— Task prompt —
Retype exactly the span of lines below from the one with "140 Nm-es családiház" through the one with "Chandelier with glass". Do not include pictures.

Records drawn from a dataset
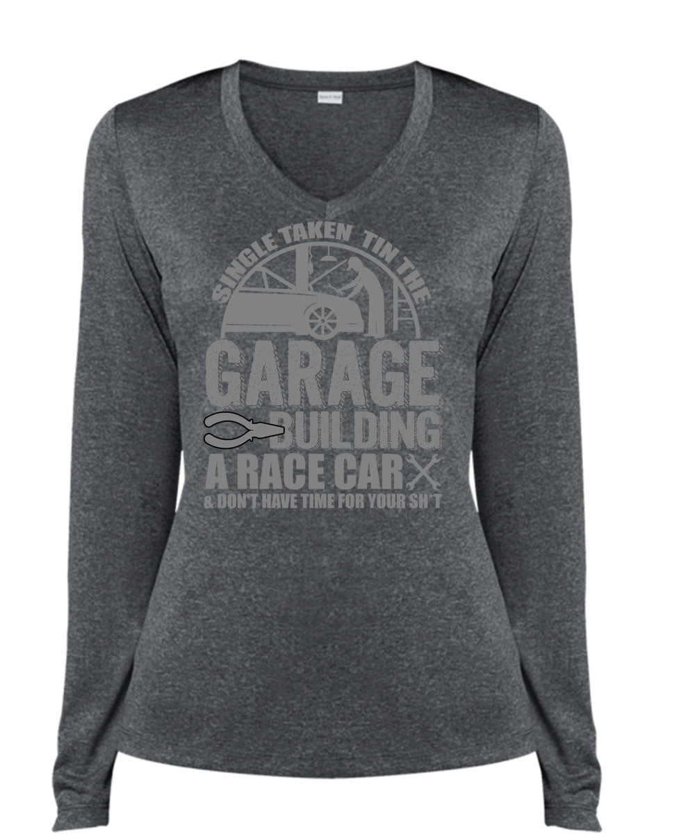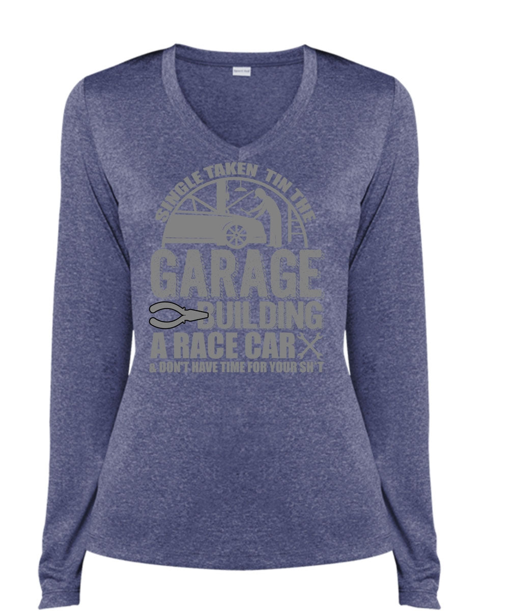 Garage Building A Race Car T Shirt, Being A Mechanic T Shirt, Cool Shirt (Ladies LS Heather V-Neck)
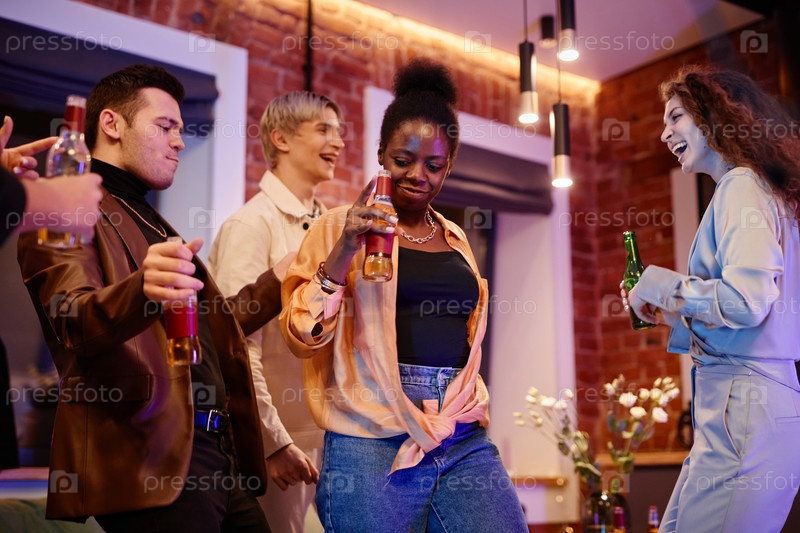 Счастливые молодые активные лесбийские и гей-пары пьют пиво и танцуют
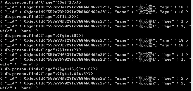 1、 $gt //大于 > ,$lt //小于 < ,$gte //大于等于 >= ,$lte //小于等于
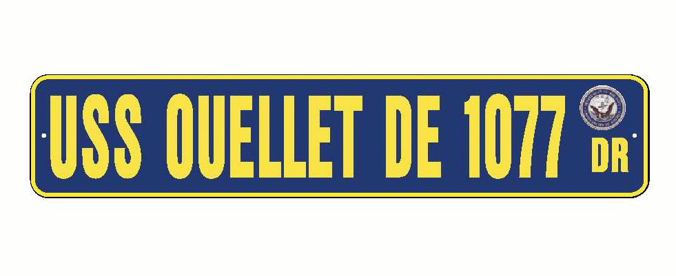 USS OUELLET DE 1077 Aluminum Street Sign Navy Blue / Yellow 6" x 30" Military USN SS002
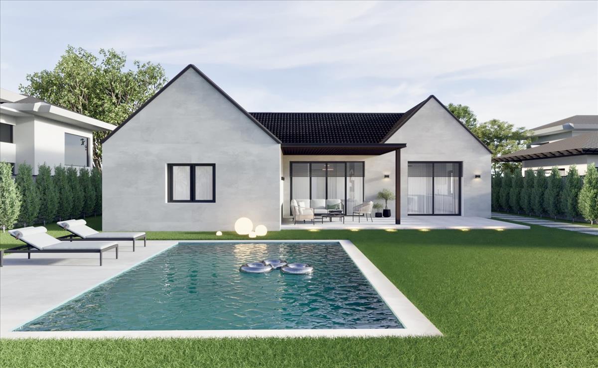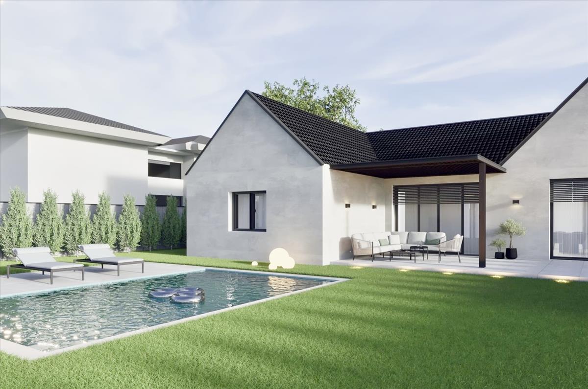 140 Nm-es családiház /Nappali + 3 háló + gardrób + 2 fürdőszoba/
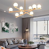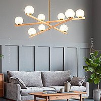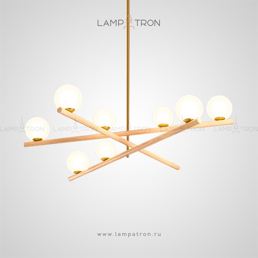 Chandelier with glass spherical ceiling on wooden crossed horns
==
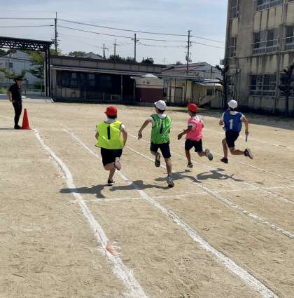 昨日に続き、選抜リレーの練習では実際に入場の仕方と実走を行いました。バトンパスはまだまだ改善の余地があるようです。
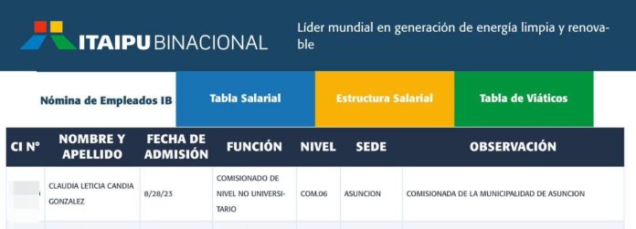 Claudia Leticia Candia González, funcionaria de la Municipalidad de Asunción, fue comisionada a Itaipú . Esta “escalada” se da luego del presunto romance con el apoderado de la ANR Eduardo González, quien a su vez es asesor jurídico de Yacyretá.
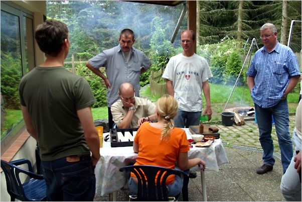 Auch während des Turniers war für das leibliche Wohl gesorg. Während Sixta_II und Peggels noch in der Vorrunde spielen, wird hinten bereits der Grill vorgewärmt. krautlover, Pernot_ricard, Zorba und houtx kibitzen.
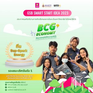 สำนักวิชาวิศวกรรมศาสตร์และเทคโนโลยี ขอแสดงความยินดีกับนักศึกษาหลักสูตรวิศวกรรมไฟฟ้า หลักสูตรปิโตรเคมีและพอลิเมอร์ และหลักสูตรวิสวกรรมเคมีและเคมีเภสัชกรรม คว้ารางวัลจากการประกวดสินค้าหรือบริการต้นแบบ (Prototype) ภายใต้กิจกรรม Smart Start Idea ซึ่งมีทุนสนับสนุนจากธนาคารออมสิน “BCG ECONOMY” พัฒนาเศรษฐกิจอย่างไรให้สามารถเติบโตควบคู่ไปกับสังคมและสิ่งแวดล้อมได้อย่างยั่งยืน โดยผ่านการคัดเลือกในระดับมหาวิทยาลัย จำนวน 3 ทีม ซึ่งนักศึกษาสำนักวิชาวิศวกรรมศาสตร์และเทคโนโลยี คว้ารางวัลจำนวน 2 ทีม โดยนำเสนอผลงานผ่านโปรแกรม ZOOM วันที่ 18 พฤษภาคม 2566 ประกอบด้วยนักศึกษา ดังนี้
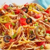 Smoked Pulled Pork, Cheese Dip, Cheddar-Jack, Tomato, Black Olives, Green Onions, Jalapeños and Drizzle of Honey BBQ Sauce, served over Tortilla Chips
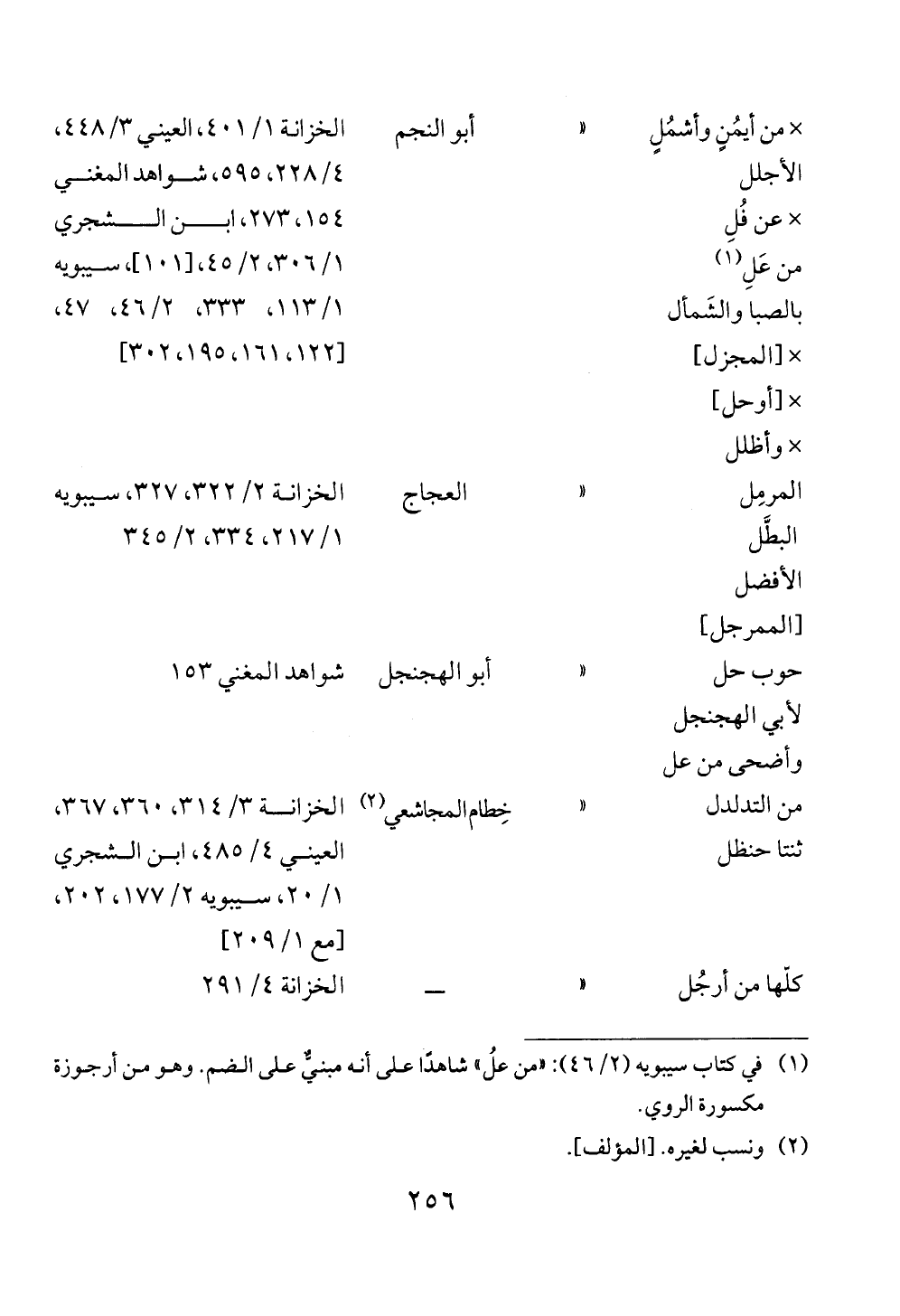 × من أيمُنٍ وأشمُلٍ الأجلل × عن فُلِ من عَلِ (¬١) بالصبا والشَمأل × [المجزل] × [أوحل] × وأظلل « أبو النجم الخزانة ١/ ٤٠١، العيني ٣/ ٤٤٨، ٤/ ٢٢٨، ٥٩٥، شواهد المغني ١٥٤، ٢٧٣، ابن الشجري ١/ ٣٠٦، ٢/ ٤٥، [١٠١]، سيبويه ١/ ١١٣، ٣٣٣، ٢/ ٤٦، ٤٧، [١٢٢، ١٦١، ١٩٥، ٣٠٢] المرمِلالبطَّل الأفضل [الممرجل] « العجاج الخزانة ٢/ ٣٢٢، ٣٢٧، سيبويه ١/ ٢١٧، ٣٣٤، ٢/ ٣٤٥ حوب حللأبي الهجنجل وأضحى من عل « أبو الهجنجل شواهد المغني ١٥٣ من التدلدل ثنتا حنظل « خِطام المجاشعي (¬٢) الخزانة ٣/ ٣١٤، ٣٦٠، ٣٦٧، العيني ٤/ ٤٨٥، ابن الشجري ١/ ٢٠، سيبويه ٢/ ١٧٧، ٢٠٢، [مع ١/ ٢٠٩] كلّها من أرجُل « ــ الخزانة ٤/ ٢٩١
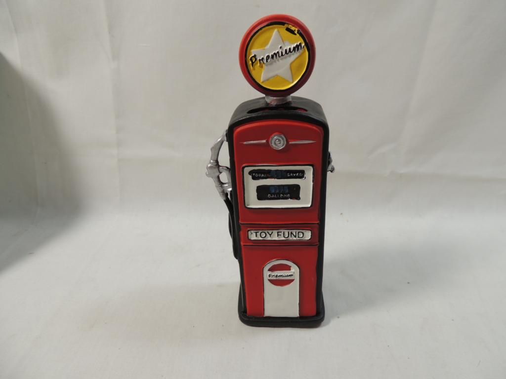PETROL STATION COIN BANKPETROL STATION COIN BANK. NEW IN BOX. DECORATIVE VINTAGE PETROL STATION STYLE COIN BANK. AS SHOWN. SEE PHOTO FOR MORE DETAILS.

— Result —
 140 Nm-es családiház /Nappali + 3 háló + gardrób + 2 fürdőszoba/
 Chandelier with glass spherical ceiling on wooden crossed horns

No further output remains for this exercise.